Some adopt the official line that “lives had been put in danger” by the leaks. This lobby began to fall silent in 2011 when Pentagon officials admitted, off the record, that they had no evidence that anybody had come to harm.
A more dismissive response was that the WikiLeaks revelations were not as secret as all that and the papers accessed by Private Manning did not carry the most secret classification. Another point was made to me by a US diplomat in Kabul, where I was at the time of publication. He said: “We are not going to learn the biggest secrets from WikiLeaks because these have already been leaked by the White House, Pentagon or State Department.”
In practice, the WikiLeaks documents are vastly and uniquely informative about what the US does and what it really thinks of the world in which we live. For instance, there is a cable sent by the US embassy in Kabul in 2009 describing Prime Minister Hamid Karzai as “a paranoid and weak individual unfamiliar with the basics of nation-building”.

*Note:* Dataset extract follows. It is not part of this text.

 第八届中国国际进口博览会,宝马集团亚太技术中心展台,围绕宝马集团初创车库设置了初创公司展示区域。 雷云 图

Specialists on Afghanistan commented that Karzai’s failings were scarcely news. They missed the point that there is a vast difference between what is suspected by the outside world and what is confirmed by those with daily access to the Afghan leader. Here were senior and experienced US officials giving their true opinion of the man whom the Americans and British were fighting and dying to keep in power.

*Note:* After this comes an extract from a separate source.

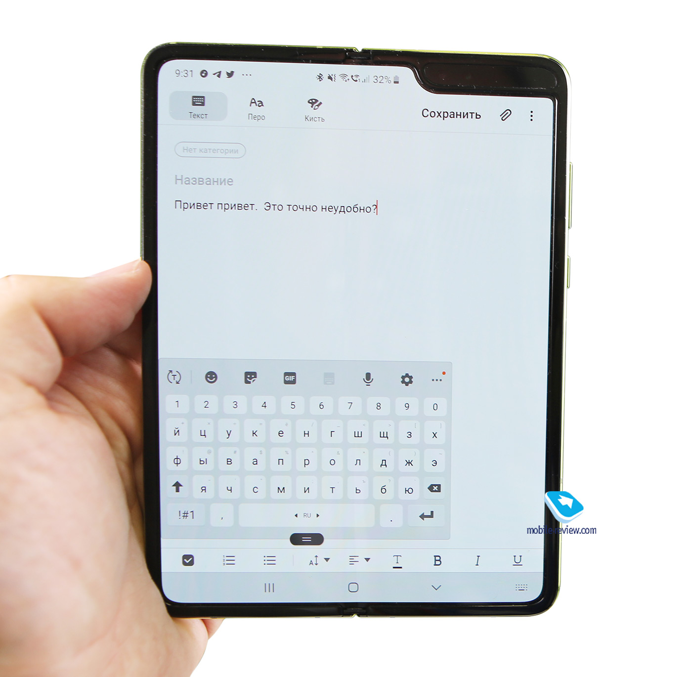 Со стороны ложбинка на Fold выглядит как излом, свет всегда играет на ней, и кажется, что экран сломан. В то же время, когда вы смотрите на экран, держа его в руках, у вас нет даже малейшего ощущения, что там есть искривление, все отлично. Пальцы ощущают ложбинку, поэтому клавиатуру разорвали внешне на две части, чтобы не задевать середину экрана. Это убирает такую опцию, как непрерывный ввод, когда вы водите пальцем по клавиатуре, чтобы набрать слово. Сама опция, конечно же, есть, но пользоваться ей не очень удобно, если только клавиатуру не уменьшить до одной половины дисплея.

All governments indulge in a degree of hypocrisy between what they say in public and in private. When democratic openness about general actions and policies is demanded, they pretend they are facing a call for total transparency which would prevent effective government. This deliberate and self-serving inflation of popular demands is usually aimed at the concealment of failure and monopolising power.
What the US government wanted to keep quiet about in Afghanistan was not just an embarrassingly negative assessment of Karzai as their main local ally. It was that it had no credible local Afghan partner and therefore could not win the war against the Taliban.

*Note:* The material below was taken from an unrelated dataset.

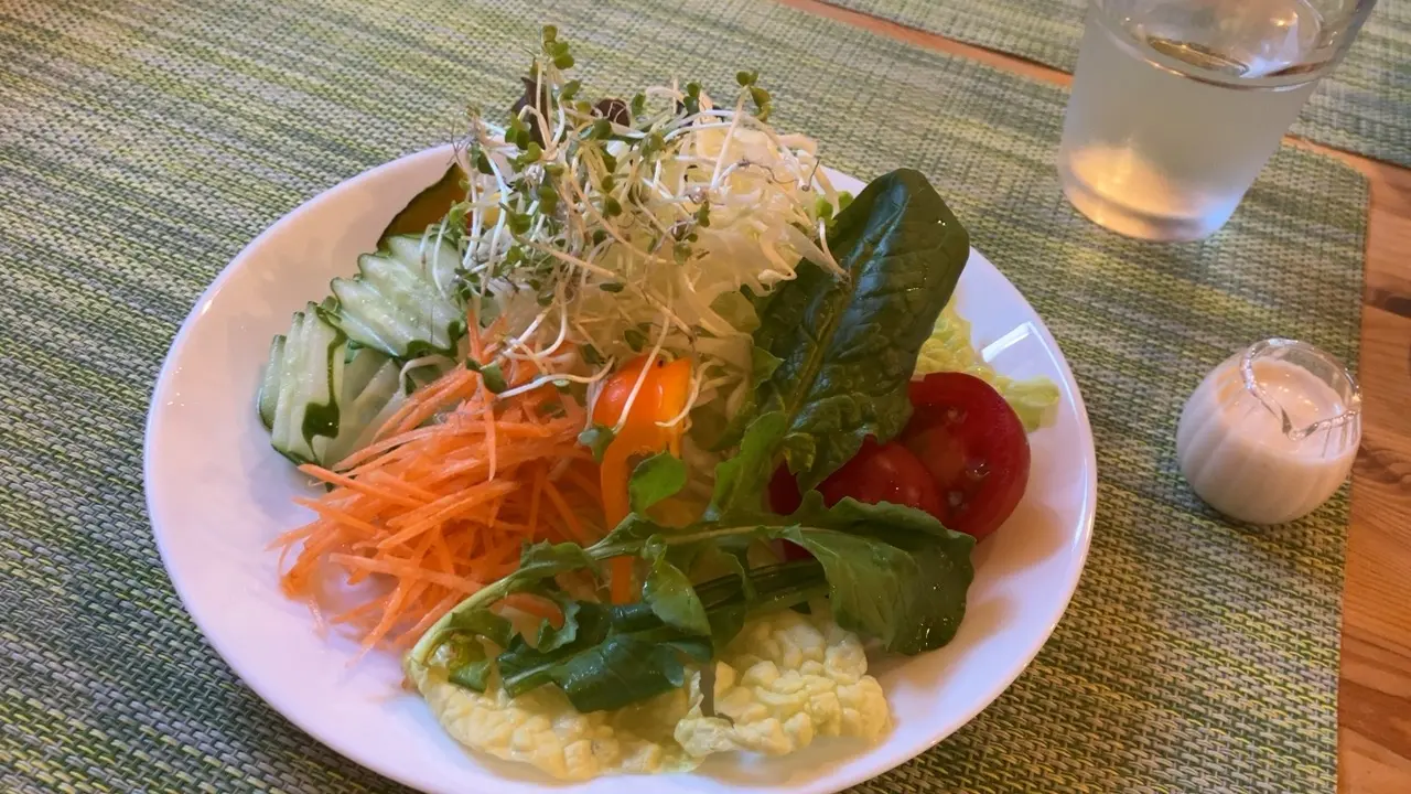 新鮮ないろいろな野菜が盛り合わされていて、付属のドレッシングをかけて食べると身体が喜びます。

Assange and WikeLeaks unmasked not diplomatic reticence in the interests of the smooth functioning of government, but duplicity to justify lost wars in which tens of thousand died. Recent history shows that this official secrecy, frequently aided by “embedding” journalists with armies, works all too well.
In Iraq, in the months before the US presidential election in 2004, foreign embassies in Baghdad all knew and reported that US soldiers were only clinging to islands of territory in a hostile land. But the Bush administration was able to persuade US voters that, on the contrary, it was fighting and winning a battle to establish democracy against the remnants of Saddam Hussein’s regime and the adherents of Osama bin Laden.
State control of information and the ability to manipulate it makes the right to vote largely meaningless. That is why people like Julian Assange are so essential to democratic choice.